• [Activity]
Please give again every entry exactly as it appears, setting aside the pictures.

• [Materials provided]

:::

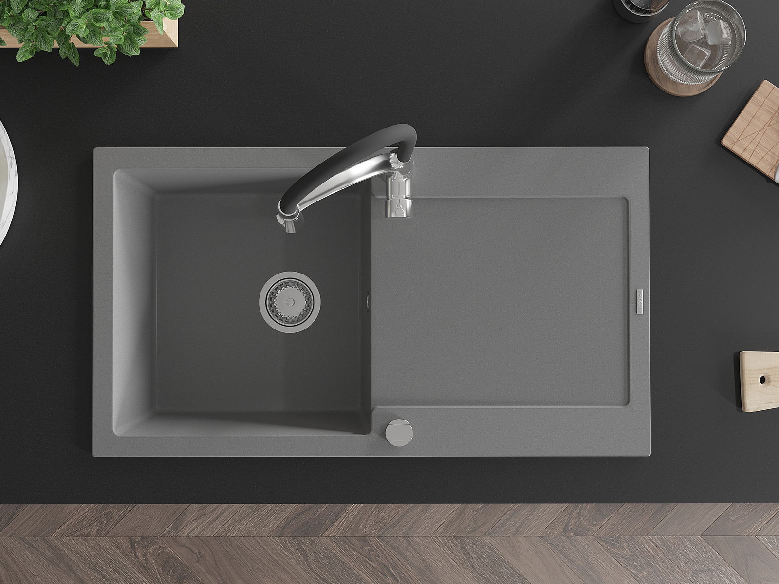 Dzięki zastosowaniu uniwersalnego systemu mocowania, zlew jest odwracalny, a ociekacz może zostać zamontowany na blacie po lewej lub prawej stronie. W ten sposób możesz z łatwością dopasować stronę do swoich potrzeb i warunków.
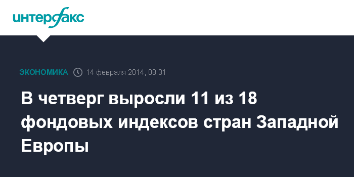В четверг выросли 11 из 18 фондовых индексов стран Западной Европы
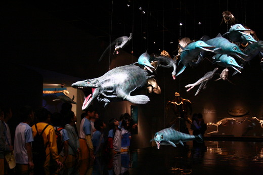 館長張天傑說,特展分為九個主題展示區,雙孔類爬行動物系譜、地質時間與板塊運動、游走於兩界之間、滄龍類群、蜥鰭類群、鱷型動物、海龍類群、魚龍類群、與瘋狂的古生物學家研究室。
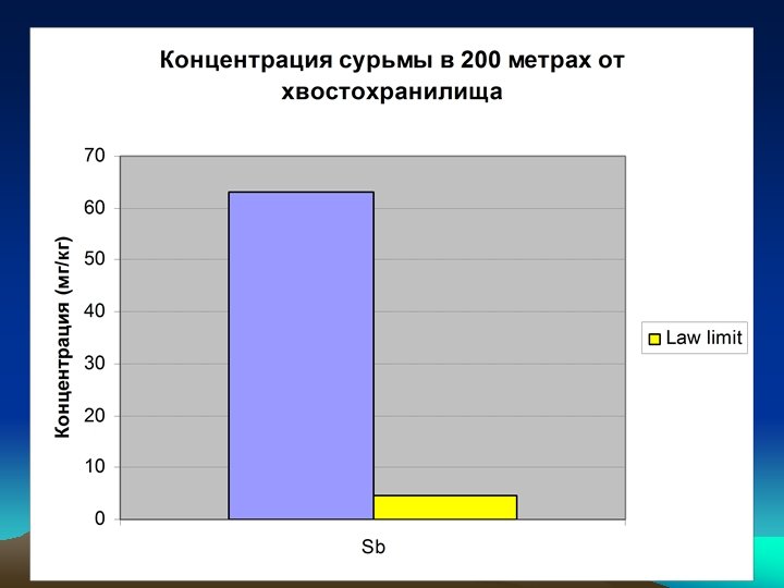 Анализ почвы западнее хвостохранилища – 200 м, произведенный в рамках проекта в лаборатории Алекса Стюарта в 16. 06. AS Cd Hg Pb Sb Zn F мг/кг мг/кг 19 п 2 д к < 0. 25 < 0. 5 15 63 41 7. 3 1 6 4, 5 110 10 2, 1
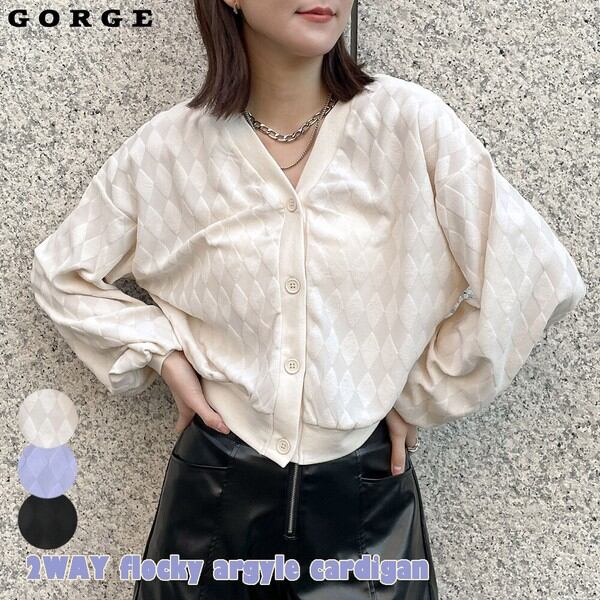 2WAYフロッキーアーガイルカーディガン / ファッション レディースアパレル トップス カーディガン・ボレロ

:::

• [Answer below]
 Dzięki zastosowaniu uniwersalnego systemu mocowania, zlew jest odwracalny, a ociekacz może zostać zamontowany na blacie po lewej lub prawej stronie. W ten sposób możesz z łatwością dopasować stronę do swoich potrzeb i warunków.
В четверг выросли 11 из 18 фондовых индексов стран Западной Европы
 館長張天傑說,特展分為九個主題展示區,雙孔類爬行動物系譜、地質時間與板塊運動、游走於兩界之間、滄龍類群、蜥鰭類群、鱷型動物、海龍類群、魚龍類群、與瘋狂的古生物學家研究室。
 Анализ почвы западнее хвостохранилища – 200 м, произведенный в рамках проекта в лаборатории Алекса Стюарта в 16. 06. AS Cd Hg Pb Sb Zn F мг/кг мг/кг 19 п 2 д к < 0. 25 < 0. 5 15 63 41 7. 3 1 6 4, 5 110 10 2, 1
 2WAYフロッキーアーガイルカーディガン / ファッション レディースアパレル トップス カーディガン・ボレロ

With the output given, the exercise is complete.